Landlines are ever-so-slowly going the way of the dodo, but a few holdouts remain. Almost 43 percent of U.S. households still pay for telephone service over copper wire, according to the U.S. Center for Disease Control National Health Information Survey’s most recent findings. The same goes for the nearly 200 million companies with business phone numbers in the U.S.

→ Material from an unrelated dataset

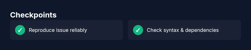 - mediumVerify environment, versions, and dependencies; reset to known-good state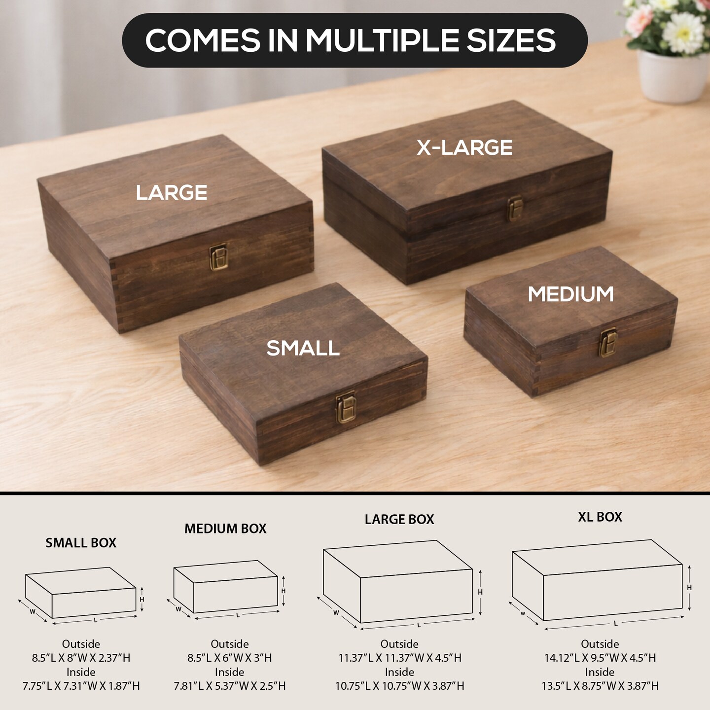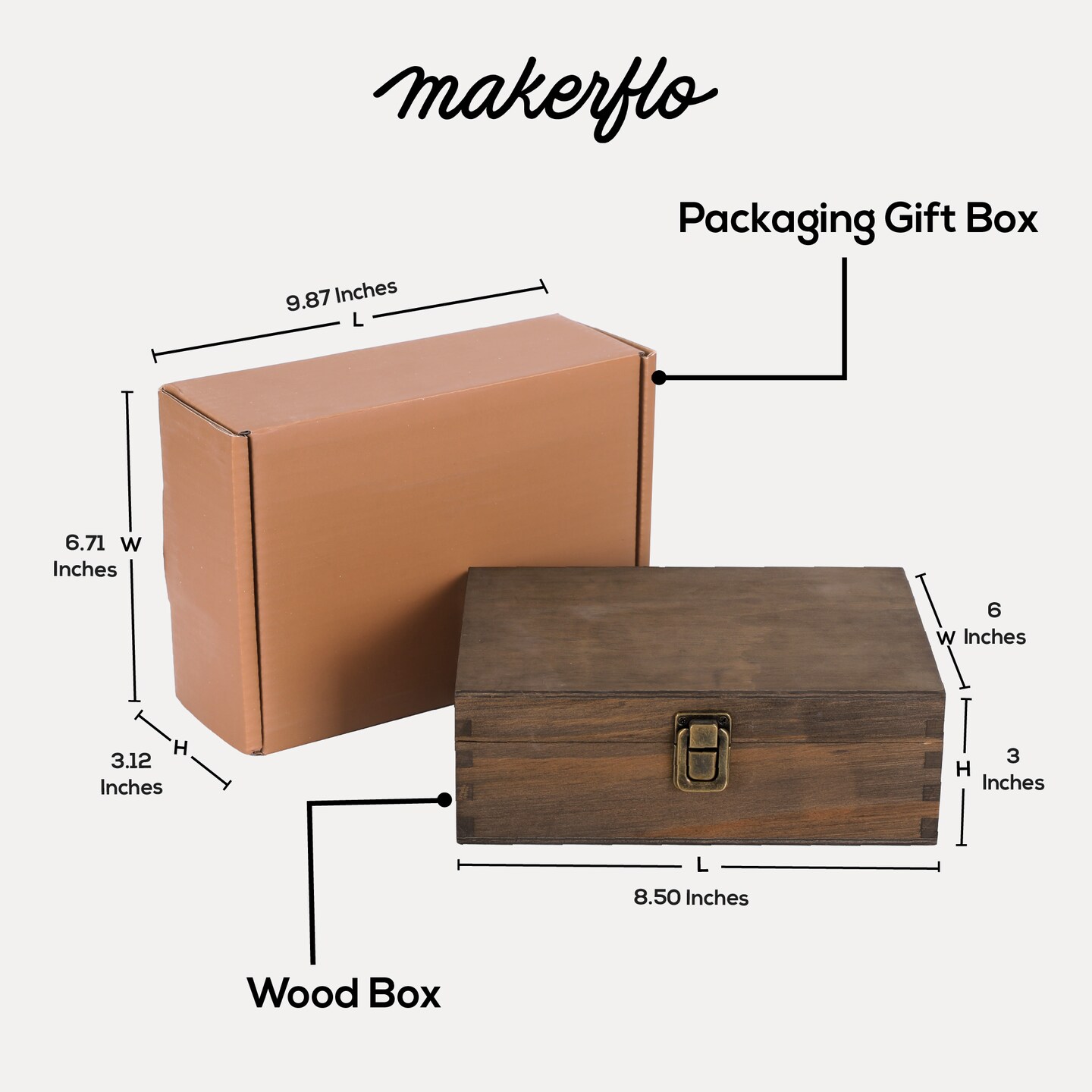 Makerflo Medium Pine Wood Memory Box with Black Felt Inside and Hinged with Clasp of Front, Keepsake Wooden Box Ideal for Craft and Personalization (Laser Engraving, Epoxy, UV DTF, and Vinyl)

That puts texting addicts in a rather awkward position, but Zipwhip is offering a solution to bridge the gap. The Seattle startup, which was cofounded by John Lauer, John Larson, and Anthony Riemma in 2007, lets people with smartphones send messages to landlines, VoIP, and toll-free numbers hassle-free, as they would to mobile handsets. Now, with over 100 enterprises, 10,000 direct customers, and more than 30,000 businesses tapping its text-to-landline platform, the company is gearing up for its next stage of growth.

Zipwhip today announced it has raised $51.5 million in a Series D round led by Goldman Sachs’ Private Capital Investing group, with participation from existing investors — including OpenView, Microsoft’s M12, and Voyager Capital. This follows a $22.5 million Series C investment round in September 2017 and a $14 million Series B in 2016 and brings the firm’s total raised to $92.5 million.

The fresh capital will be used to propel Zipwhip toward its goal of “text-enabling” every organization in North America, said Lauer — who serves as CEO — chiefly by investing in product development and “substantially” growing the engineering and leadership teams. The company has already laid a solid foundation: Zipwhip’s 3.3 million text-enabled phone numbers saw message volume increase by 262 percent, which drove three-year revenue growth of 818 percent and allowed it to expand its workforce to 260 people.

In November, Deloitte named Zipwhip the 137th fastest-growing technology company in North America. That puts it ahead of competitors like TextUs and just behind giants like Salesforce’s LiveMessage.

“Zipwhip is the definition of a 10-year overnight success. Over the last decade, we’ve grown, evolved, then grown some more as we carve out our place as the definitive leader of texting for business,” Lauer said. “This funding allows us to continue to evolve and expand our product suite, reach new customers in new industries, and educate the country — and the world — about the power of texting.”

Zipwhip’s eponymous cloud-based product works by intercepting, in a sense, a fraction of the more than 150 million text messages sent to landlines in the U.S. every day. They’re funneled into a Slack-like switchboard on the web, desktop, iOS, and Android that contains editable fields for names, email addresses, home addresses, and notes. Zipwhip’s clients, working either in teams or individually, can read and respond to messages inline, or set up things like message signatures and automatic replies.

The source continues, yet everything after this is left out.